History
- Name: Opus Casino
- Builder: Unión Naval de Levante [es]
- Yard number: 152
- Completed: 1985
- Identification: IMO number: 8409056
- Status: for charter/sale

General characteristics
- Tonnage: 2,040 GT
- Displacement: 1233 tonnes
- Length: 67.70 metres (222.1 ft)
- Beam: 10.61 metres (34.8 ft)
- Installed power: Two 12-cylinder, Alpha/Echevaaria Burmeister and Waine diesel engines (12V23LU); 3720 HP, 1370 kW;
- Propulsion: Two propellers
- Speed: 17 kn (31.48 km/h)
- Capacity: 250 passengers, 43 cars

= Opus Casino =

Spanish Cruiseferry

Opus Casino (formerly Liquid Vegas, Royal Star, Liberty II, Liberty I, Royal Empress, Punta Pedrera) is a cruiseferry built in 1985 in Valencia, Spain for Marítima de Formentera SA, to handle traffic between Ibiza and Formentera.

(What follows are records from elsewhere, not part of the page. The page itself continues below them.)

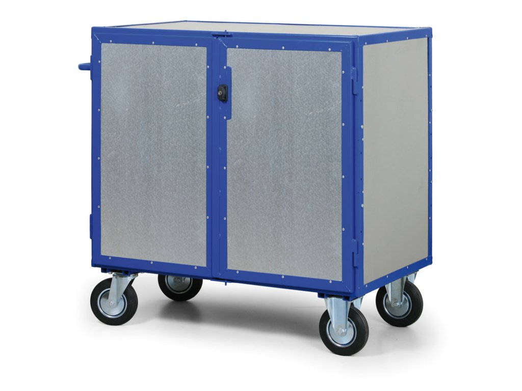 Tento vozík slouží k přepravě a uskladnění položek, které potřebujete chránit před odcizením. Velikost plošiny je 1200 x 800 mm a celková výška 1250 mm. Nosnost vozíku je 600 kg. Pevná svařovaná konstrukce zajišťuje stabilitu. Kostra vozíku je svařena z ocelových profilů. Stěny a horní víko jsou z pleiva s oky 50 x 50 mm, nebo ze zinkovaného plechu. Vozík je vybaven dvojitými křídlovými dveřmi s cylindrickým zámkem. Součástí dodávky jsou 2 klíče. Kola na vozíku jsou vybavena poklicí, která brání namotávání nití a provázků a také zanášení ložiska různými nečistotami, čímž se prodlužuje životnost, jsou o průměru 200 mm, dvě pevná a dvě otočná podle vlastní osy. Jedno otočné kolečko vybaveno brzdou. Kovové části jsou lakovány práškovým lakem RAL 5005. Dno je z laminované dřevotřísky, která je vsazena do ocelového rámu.Police z laminované dřevotřísky jsou přestavitelné po 10 cm.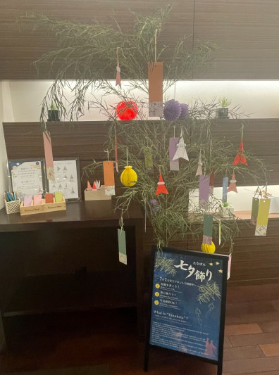夏の思い出づくりにぴったりな七夕限定の笹飾りをロビーにご用意しております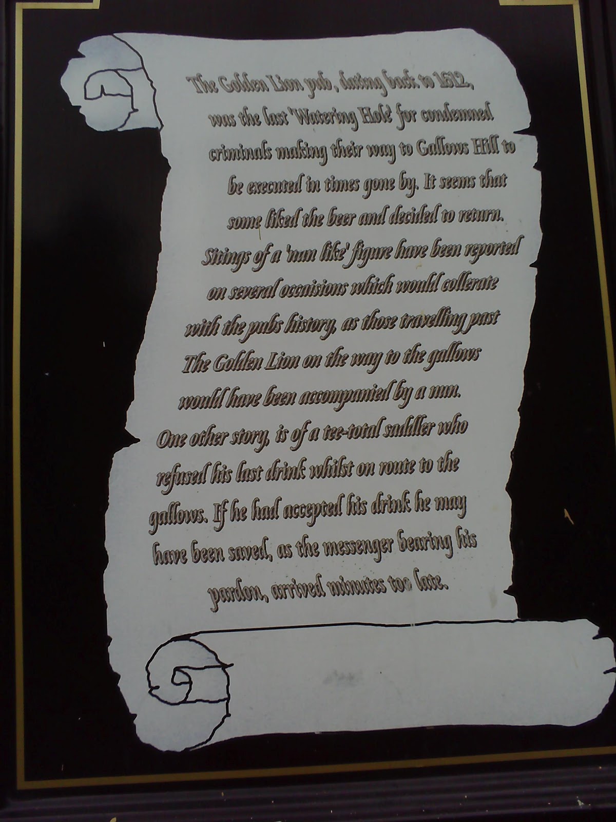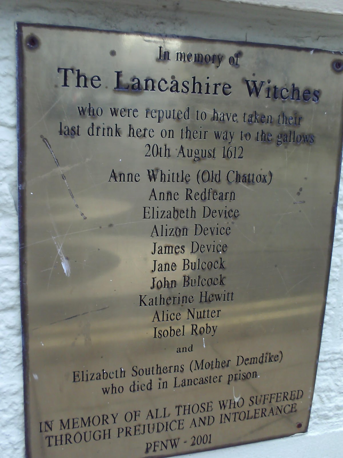 I parked in a car park opposite this pub, The Golden Lion, a few weeks ago on the way to the shops in Lancaster. As I passed it I remembered that this was the spot where the famous Pendle witches stopped for a last drink before being taken to Gallows Hill to be executed.I stopped to read the two plaques that are on the wall. The scroll gives the passer-by a little information, and the brass plaque is like a memorial and lists the names of those who were executed.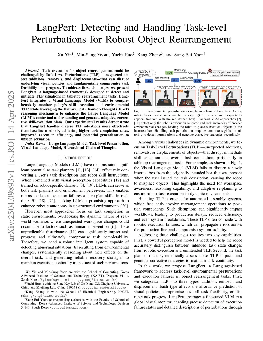 Task execution for object rearrangement could be challenged by Task-Level Perturbations (TLP), i.e., unexpected object additions, removals, and displacements that can disrupt underlying visual policies and fundamentally compromise task feasibility and progress. To address these challenges, we present LangPert, a language-based framework designed to detect and mitigate TLP situations in tabletop rearrangement tasks. LangPert integrates a Visual Language Model (VLM) to comprehensively monitor policy's skill execution and environmental TLP, while leveraging the Hierarchical Chain-of-Thought (HCoT) reasoning mechanism to enhance the Large Language Model (LLM)'s contextual understanding and generate adaptive, corrective skill-execution plans. Our experimental results demonstrate that LangPert handles diverse TLP situations more effectively than baseline methods, achieving higher task completion rates, improved execution efficiency, and potential generalization to unseen scenarios.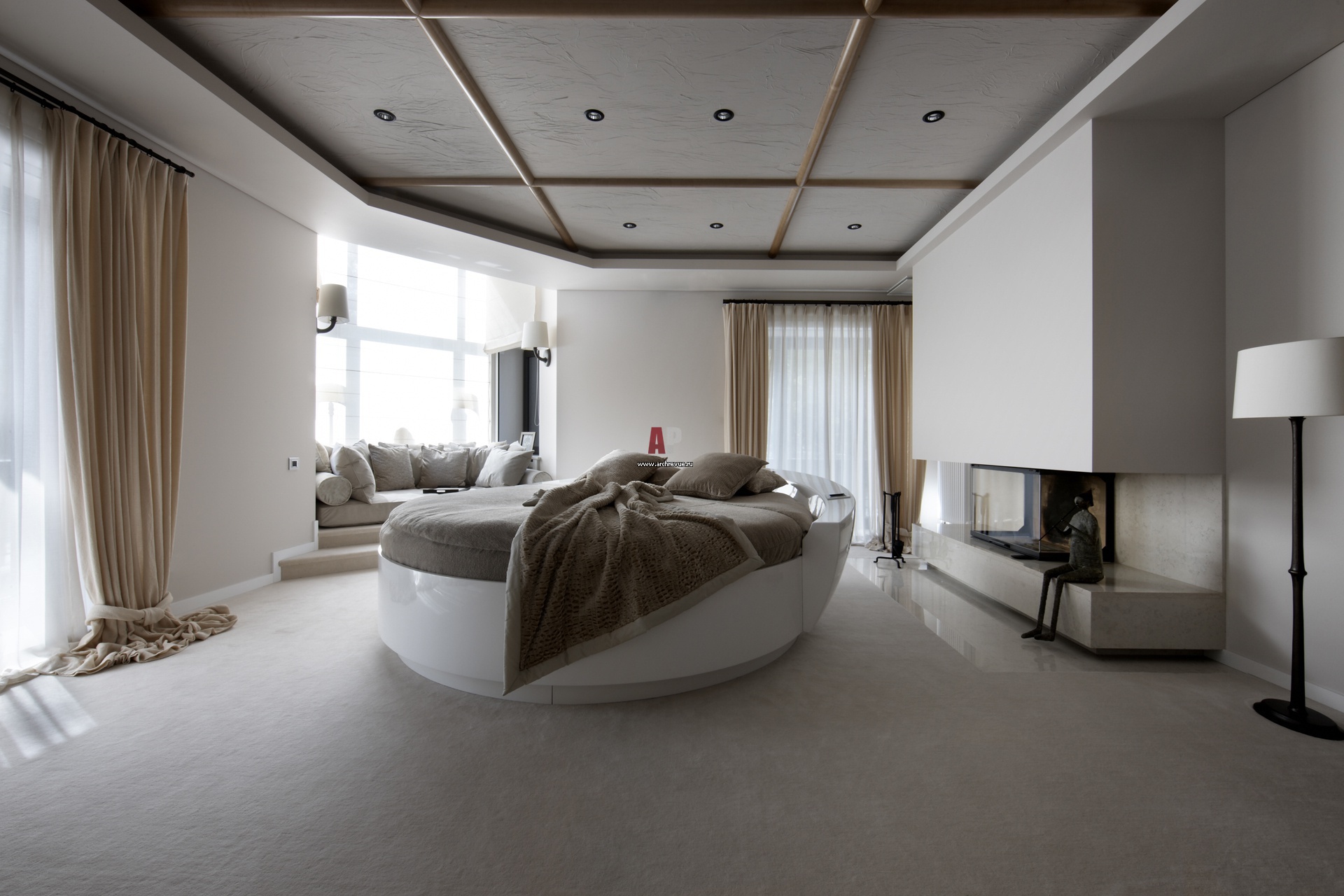 По центру спальни – моторизированная круглая кровать в белом лаке. Корпус кровати выполнен по эскизам авторов проекта.

In July 2012, the vessel was donated to The Seasteading Institute, and is currently available for bareboat charter or sale, preferably to businesses that could support experimentation with long-term ocean habitation.

==History==
A 1986 incident required expensive repairs. In 1993, the vessel was sold to Helton Limited. In 1995, she was sold to Adventure Holdings Corp. (Kingstown) and commenced duty as a casino ship near Florida under the name Royal Empress. In 2004, she was sold to Royal Star.

In fall 2009, the vessel owner at the time, Las Vegas Casino Lines, LLC, declared bankruptcy and Liquid Vegas was sold at auction on October 29, 2009, by the Canaveral Port Authority. The winning bid was by The Mermaid I, LLC.

The ship is currently classified through Registro Italiano Navale.